- _Problem to work on_
Each word in the data below should be copied exactly; the images should not.
----- Available data
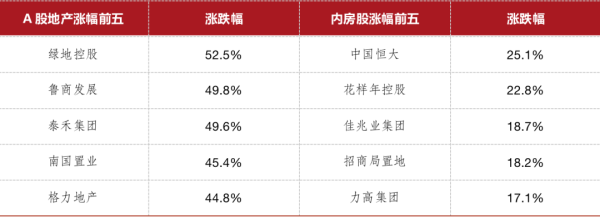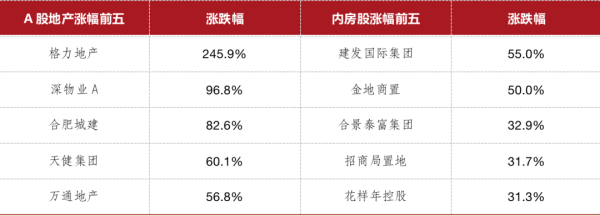 从个股表现来看,上半年A股涨幅最大的是格力地产,涨幅达到245.9%,深物业A、合肥城建也有不错的表现。
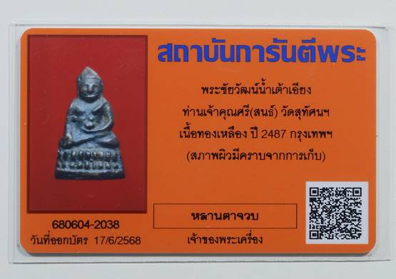 พระชัยวัฒน์องค์นี้ผ่านการจุ่มน้ำยาดำ เนื้อออกสีน้ำตาลปนดำ วรรณะด้านในเหลืองอมเขียว สภาพน่ารักเดิมๆ มีคราบเบ้าตามซอก มีพระชัยวัฒน์อาราธนาติดตัวทำอะไรก็ชนะทุกทิศ ถือว่าเป็นพระชัยวัฒน์อีกรุ่นที่น่าสะสมของวัดสุทัศน์ครับ
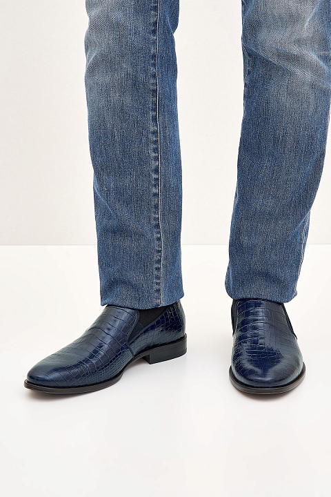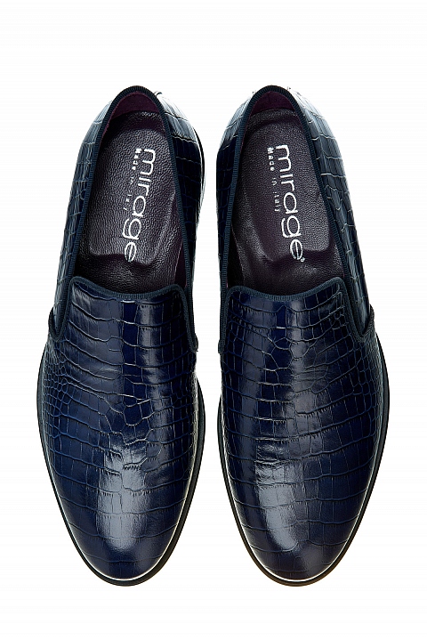 Туфли в стиле casual из глянцевой мелкозернистой кожи с тиснением под крокодила
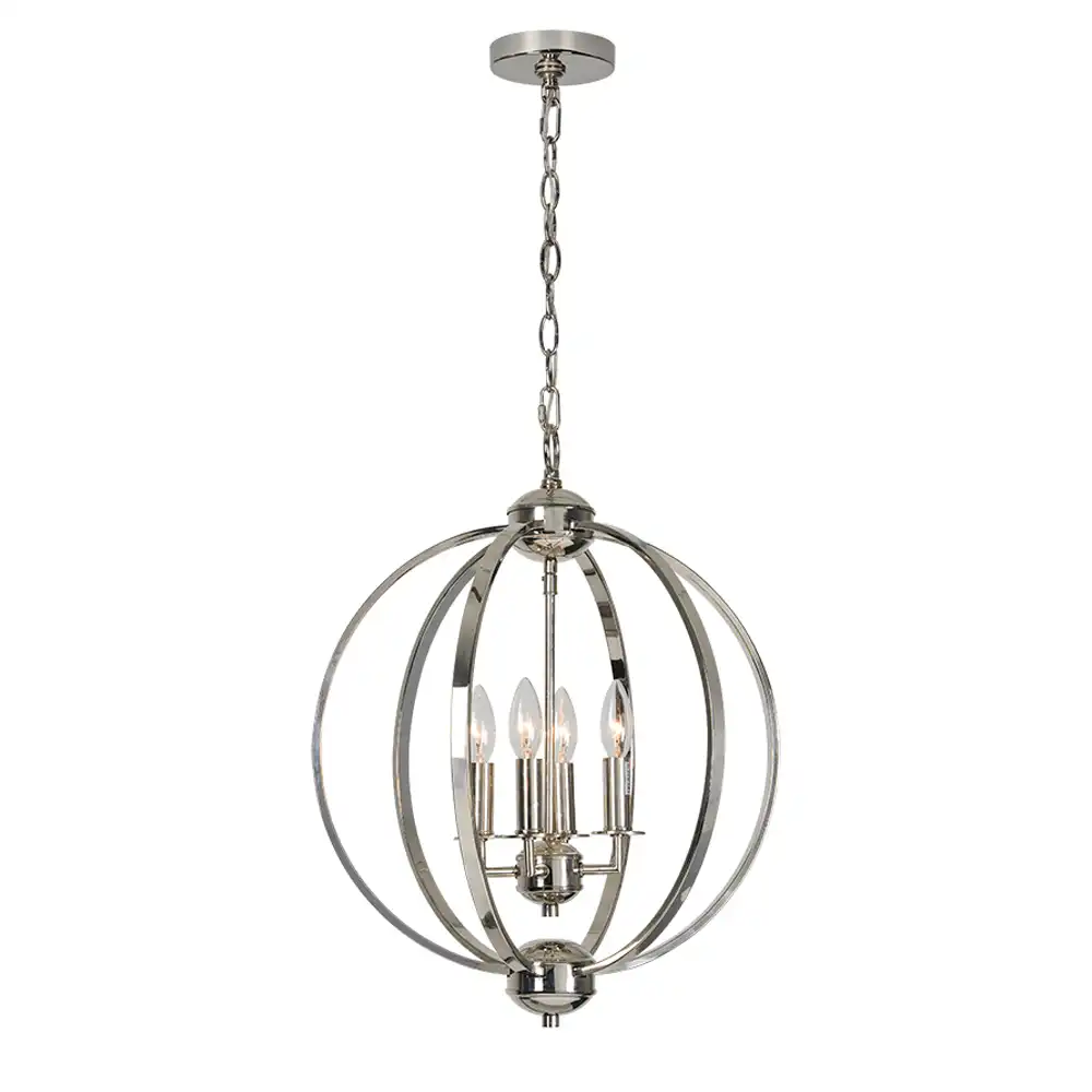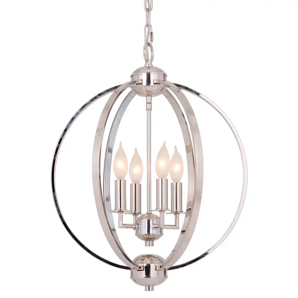 Elegant 4-light open-orb chandelier in brilliant Polished Nickel finish. Handcrafted high-strength metal. Fully customizable for B2B/OEM/ODM projects, ideal for modern upscale interiors.
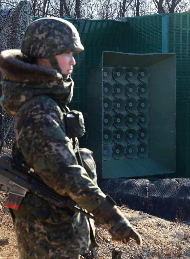 北朝鮮が6日に核実験を実施したことを受け、韓国はこれまで北朝鮮を激怒させてきた宣伝放送を再開。北朝鮮の金正恩(キム・ジョンウン、Kim Jong-Un)第1書記の誕生日に当たる8日、南北軍事境界線沿いに並んだ拡声器から、金第1書記体制を批判し、民主主義の長所をたたえるメッセージとともに、ヒットソングが大音量で流された。
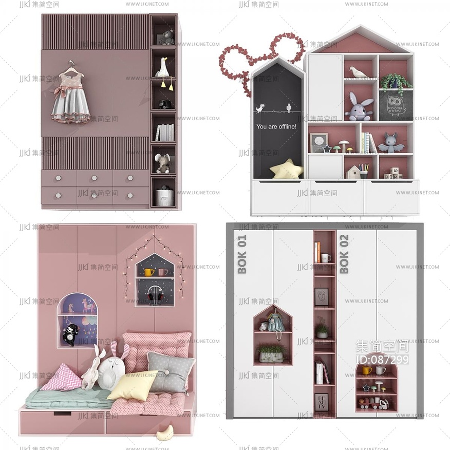 北欧儿童,女孩房女儿房书柜衣柜装饰柜,收纳柜,玩具柜储物柜 3d模型下载 [模型ID:87299]
----------
- _Result for this task_
 从个股表现来看,上半年A股涨幅最大的是格力地产,涨幅达到245.9%,深物业A、合肥城建也有不错的表现。
 พระชัยวัฒน์องค์นี้ผ่านการจุ่มน้ำยาดำ เนื้อออกสีน้ำตาลปนดำ วรรณะด้านในเหลืองอมเขียว สภาพน่ารักเดิมๆ มีคราบเบ้าตามซอก มีพระชัยวัฒน์อาราธนาติดตัวทำอะไรก็ชนะทุกทิศ ถือว่าเป็นพระชัยวัฒน์อีกรุ่นที่น่าสะสมของวัดสุทัศน์ครับ
 Туфли в стиле casual из глянцевой мелкозернистой кожи с тиснением под крокодила
 Elegant 4-light open-orb chandelier in brilliant Polished Nickel finish. Handcrafted high-strength metal. Fully customizable for B2B/OEM/ODM projects, ideal for modern upscale interiors.
 北朝鮮が6日に核実験を実施したことを受け、韓国はこれまで北朝鮮を激怒させてきた宣伝放送を再開。北朝鮮の金正恩(キム・ジョンウン、Kim Jong-Un)第1書記の誕生日に当たる8日、南北軍事境界線沿いに並んだ拡声器から、金第1書記体制を批判し、民主主義の長所をたたえるメッセージとともに、ヒットソングが大音量で流された。
 北欧儿童,女孩房女儿房书柜衣柜装饰柜,收纳柜,玩具柜储物柜 3d模型下载 [模型ID:87299]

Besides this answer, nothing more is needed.